After implementing these solutions, Classtime saw their conversions to the next page immediately increase by 25%. Class dismissed!

Tips to Get Started

Whether you’re looking to optimize a demo, tutorials, or other onboarding features, session replay can help you make sure users learn how to use your product with as little friction as possible. You can find these sessions by searching for users who visit a specific URL (such as the demo page) or who engage with a specific element (such as onboarding pop-ups).

5. Search Their Search

Our last way to mine your replay data is to use it to make your knowledge base significantly more helpful. Indeed, watching users interact with the search bar in your knowledge base is a powerful learning experience. Viewing these sessions can help you find insights into helping your site visitors find the answers they’re looking for—quickly, easily, and with no frustration.

Case in point, eCommerce platform Shopify used session replay to unearth the gaps in their knowledge base and fill them with relevant content. First, the Shopify UX team discovered that users commonly entered questions into the search bar, such as “What can I sell on Shopify?” and, based on this knowledge, they created dedicated answer pages to address frequent queries.

shopify-help-center

The team at Shopify also used session reply to provide additional context for the feedback they received for articles on their help center. At the bottom of each article is a section where users can provide optional feedback on its helpfulness.
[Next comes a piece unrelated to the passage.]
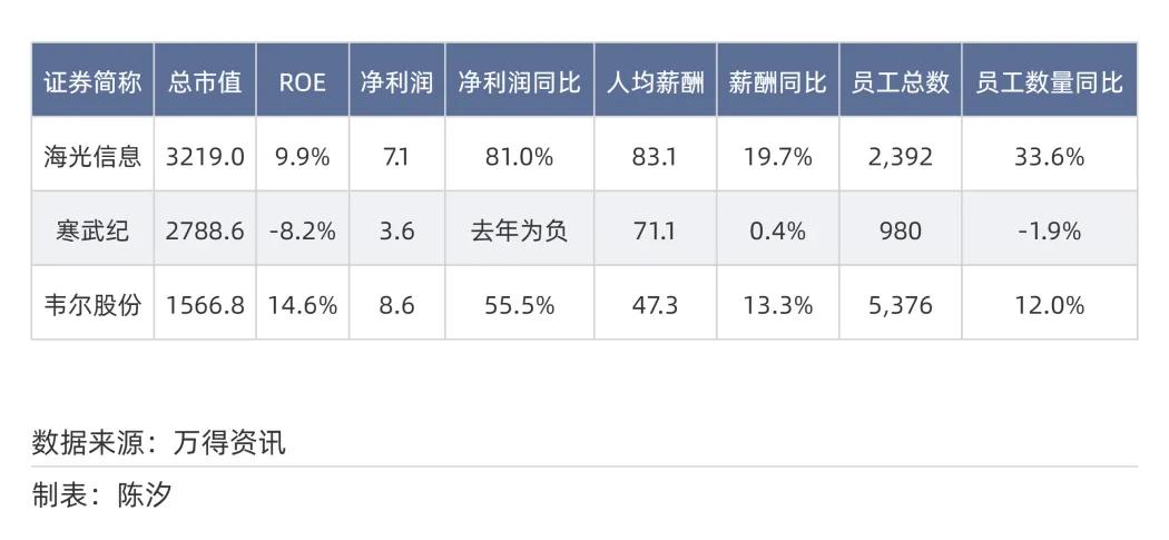 海光信息2024年人均薪酬同比增长19.7%,员工人数同比增长33.6%;寒武纪2024年薪酬涨幅为0.4%,员工人数同比下降1.9%;韦尔股份2024年薪酬增长了13.3%,员工人数上升了12%。

These ratings and comments often fail to paint the full picture of why users are dissatisfied. With replay, Shopify can fill in the missing context around negative user feedback by watching the sessions that prompted it.

help-animation
“How Helpful Was This Page” animation

Tips to Get Started

Playback digital experiences to pick up trends on how users look for answers, and if you notice common searches that are coming up empty, start compiling a list of missing content to address.

Search and Replay Their Digital Experiences to Find Insights You Can Take to the Bank

Session replay offers a way to see the digital experience “through your users’ eyes” exactly how your product is fulfilling—or failing to meet—their expectations. And with these tips, you’ll be able to narrow your scope and extract the most valuable nuggets from this data goldmine, which will in turn help inform exactly what ends up on your product roadmap.